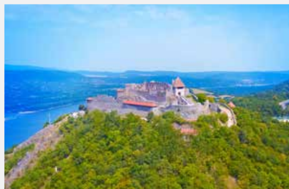
FROM TOP: Canoeing on the River Danube; Visegrád's High Castle

Active & Discovery on the Danube is offered on Avalon Impression (in 2019) and Avalon Illumination (2020). A nine-day Active & Discovery on the Danube (westbound) cruise on Avalon Impression from Budapest to Linz departing October 28, 2019, starts from £1,387 per person cruise-only. avaloncruises.co.uk
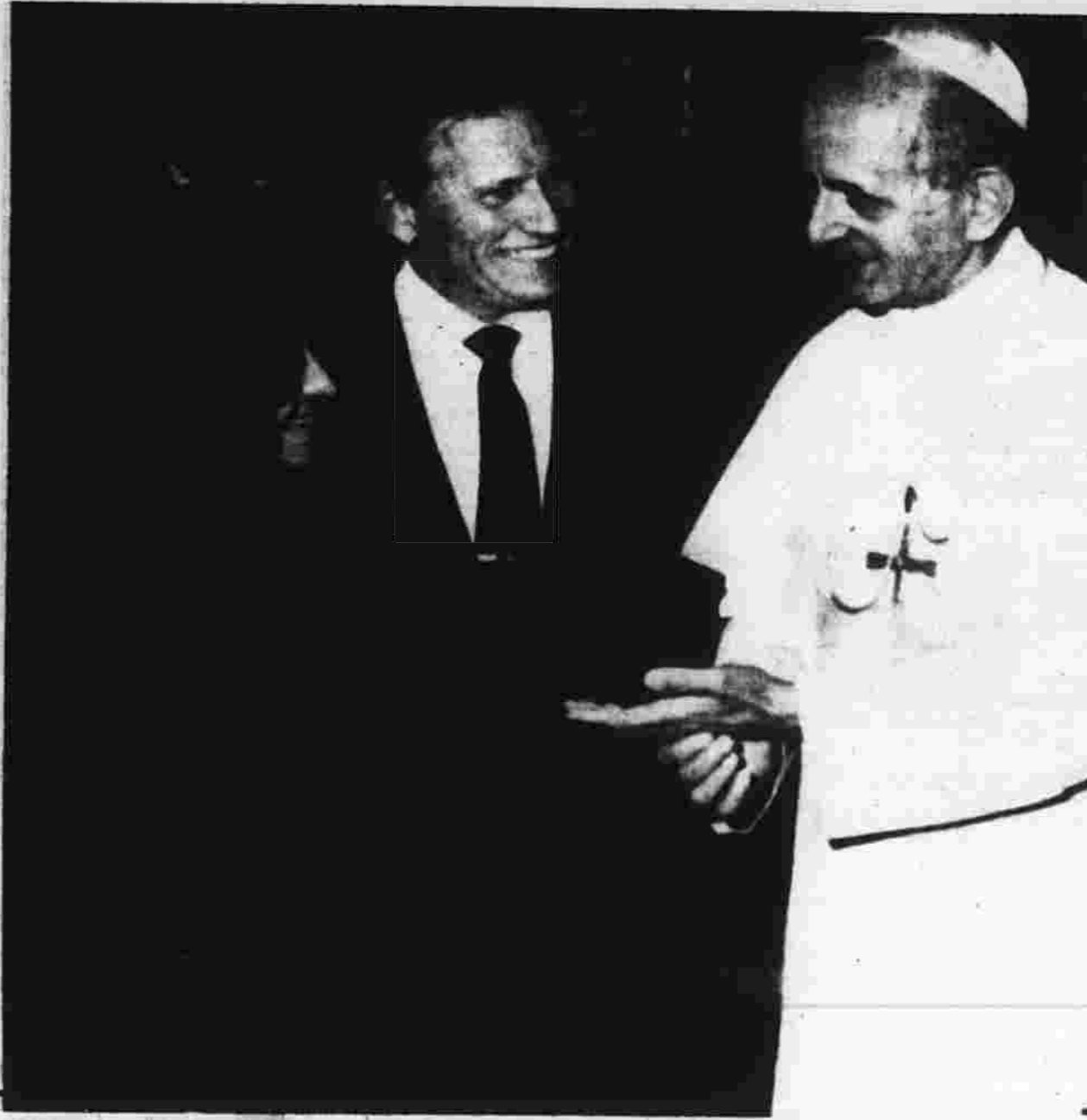
Pope Paul VI, in one of his most recent photos, chats with Transportation Secretary John Volpe and his wife at the Vatican Saturday.

VATICAN CITY (AP) — Pope Paul VI rejected today the concept of some Roman Catholic bishops and theologians that he, as Pope, does not have the exclusive right to rule the whole Church. The 72-year-old pontiff, whose authority has been under fire since he issued his encyclical continuing the Church ban on artificial birth control last year, portrayed as enemies of "the one true Church" all who attack his power to rule. He made the statement to 30 theologians convened in Rome as an advisory commission. The theologians heard the Pope's words at a Mass in the Vatican's Matilde Chapel, then left by car for a secluded area to begin discussing the burning issues in the Church.
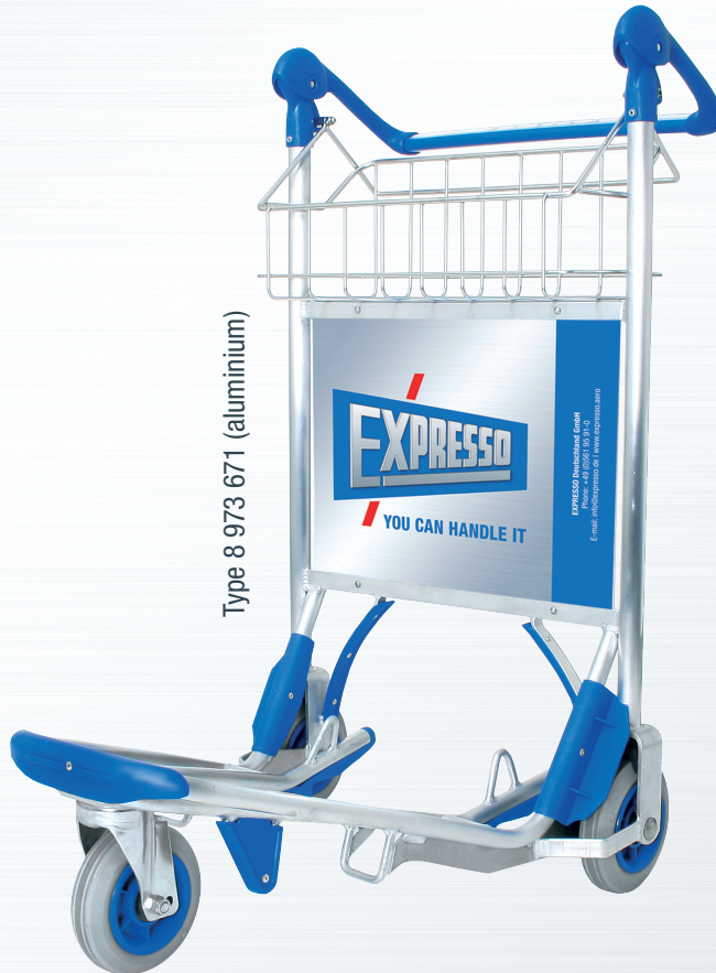
Type 8 973 671 (aluminium)
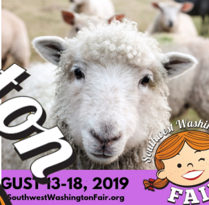
GUST 13-18, 2019 SouthwestWashingtonFair.org
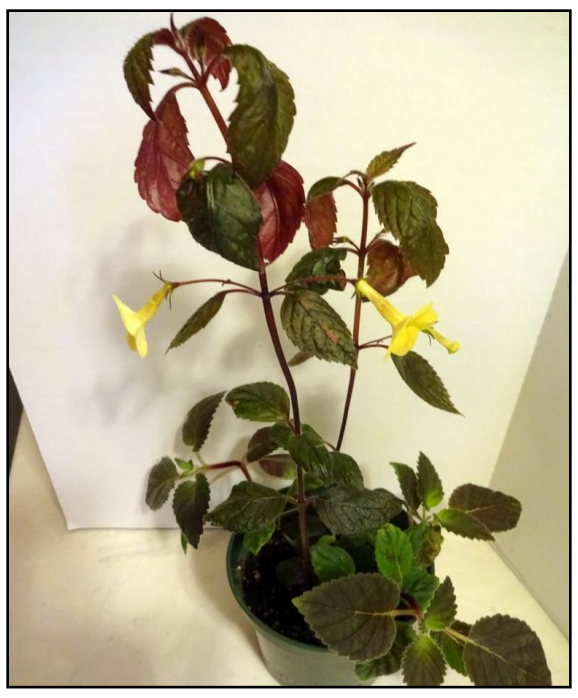
Bill's 'Achimenantha 'Yellow Beauty'
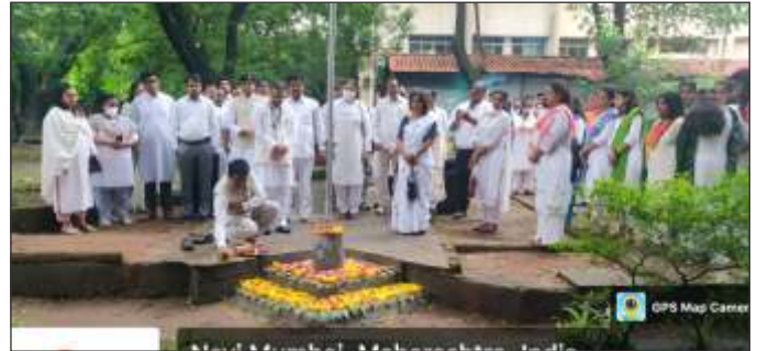
75th Independence day celebration
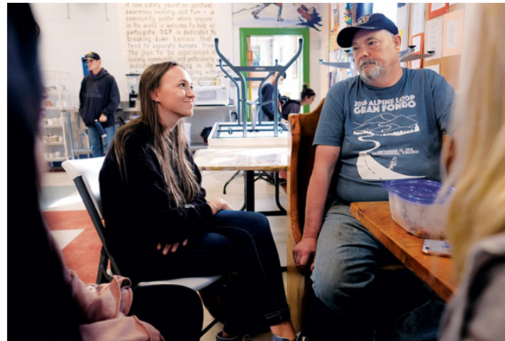
"Community Innovations" IPE 490 (Sec 3)/PPA 483/WRTC 328
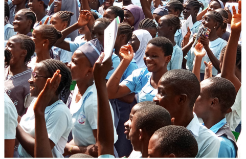
Junior Secondary School, Wuse Zone 6. 6th of November, 2019.
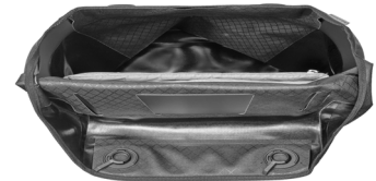
Interior view with laptop compartment
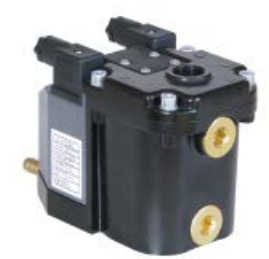
Three inlets offering installation flexibility

Integrated mesh strainer; protects the valve against large contaminants
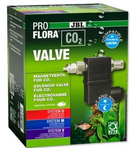
JBL PROFLORA CO2 VALVE CO2 solenoid valve for regulated CO2 addition
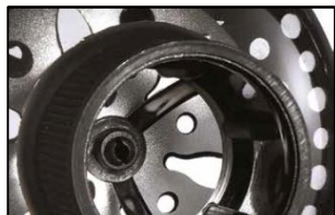
Soft rubber linings against scratches on the housing

Perfect hair style due to adjustable air flow Very robust, if it should fall to the ground no cracks No scratches on the hair dryer, thanks to soft rubber linings
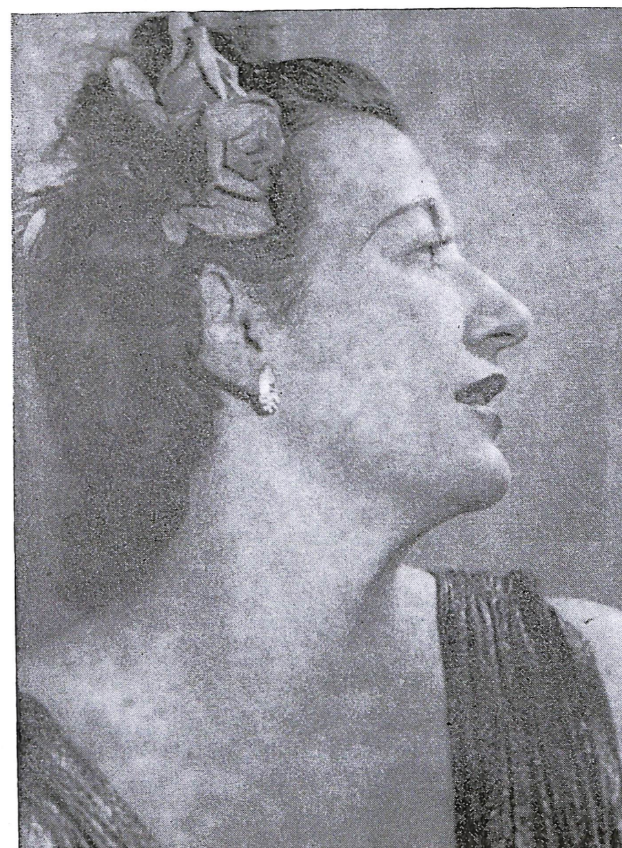
PRINCESS NATHALIE POUTIATINE
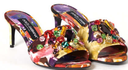
Dolce & Gabbana Mules £995
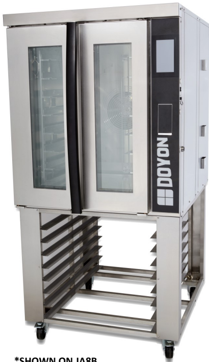
*SHOWN ON JA8B

PROJECT _____ ITEM NO. _____ NOTES _____ MODEL NUMBER: JA8X , JAX8G , JA8XR
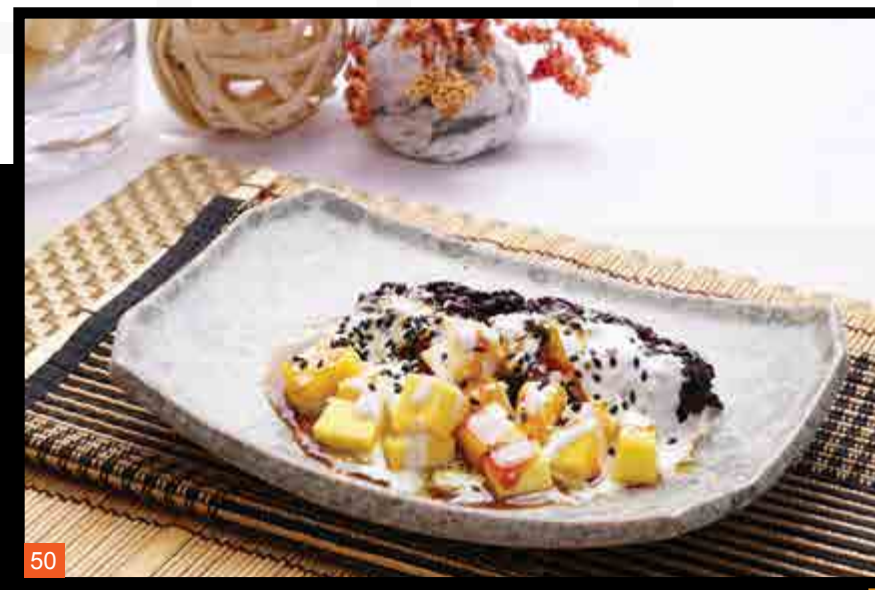
50 XÔI CHÈ VỚI XOÀI ★ 5.5 Mango w Black Glutinous Rice

End your meal w a sweet delicacy to relieve your tingling taste buds.

- INSTRUCTIONS FOR THE TASK
Images stay out; the entries above are to be printed exactly.

- FINISHED TASK
FROM TOP: Canoeing on the River Danube; Visegrád's High Castle

Active & Discovery on the Danube is offered on Avalon Impression (in 2019) and Avalon Illumination (2020). A nine-day Active & Discovery on the Danube (westbound) cruise on Avalon Impression from Budapest to Linz departing October 28, 2019, starts from £1,387 per person cruise-only. avaloncruises.co.uk
Pope Paul VI, in one of his most recent photos, chats with Transportation Secretary John Volpe and his wife at the Vatican Saturday.

VATICAN CITY (AP) — Pope Paul VI rejected today the concept of some Roman Catholic bishops and theologians that he, as Pope, does not have the exclusive right to rule the whole Church. The 72-year-old pontiff, whose authority has been under fire since he issued his encyclical continuing the Church ban on artificial birth control last year, portrayed as enemies of "the one true Church" all who attack his power to rule. He made the statement to 30 theologians convened in Rome as an advisory commission. The theologians heard the Pope's words at a Mass in the Vatican's Matilde Chapel, then left by car for a secluded area to begin discussing the burning issues in the Church.
Type 8 973 671 (aluminium)
GUST 13-18, 2019 SouthwestWashingtonFair.org
Bill's 'Achimenantha 'Yellow Beauty'
75th Independence day celebration
"Community Innovations" IPE 490 (Sec 3)/PPA 483/WRTC 328
Junior Secondary School, Wuse Zone 6. 6th of November, 2019.
Interior view with laptop compartment
Three inlets offering installation flexibility

Integrated mesh strainer; protects the valve against large contaminants
JBL PROFLORA CO2 VALVE CO2 solenoid valve for regulated CO2 addition
Soft rubber linings against scratches on the housing

Perfect hair style due to adjustable air flow Very robust, if it should fall to the ground no cracks No scratches on the hair dryer, thanks to soft rubber linings
PRINCESS NATHALIE POUTIATINE
Dolce & Gabbana Mules £995
*SHOWN ON JA8B

PROJECT _____ ITEM NO. _____ NOTES _____ MODEL NUMBER: JA8X , JAX8G , JA8XR
50 XÔI CHÈ VỚI XOÀI ★ 5.5 Mango w Black Glutinous Rice

End your meal w a sweet delicacy to relieve your tingling taste buds.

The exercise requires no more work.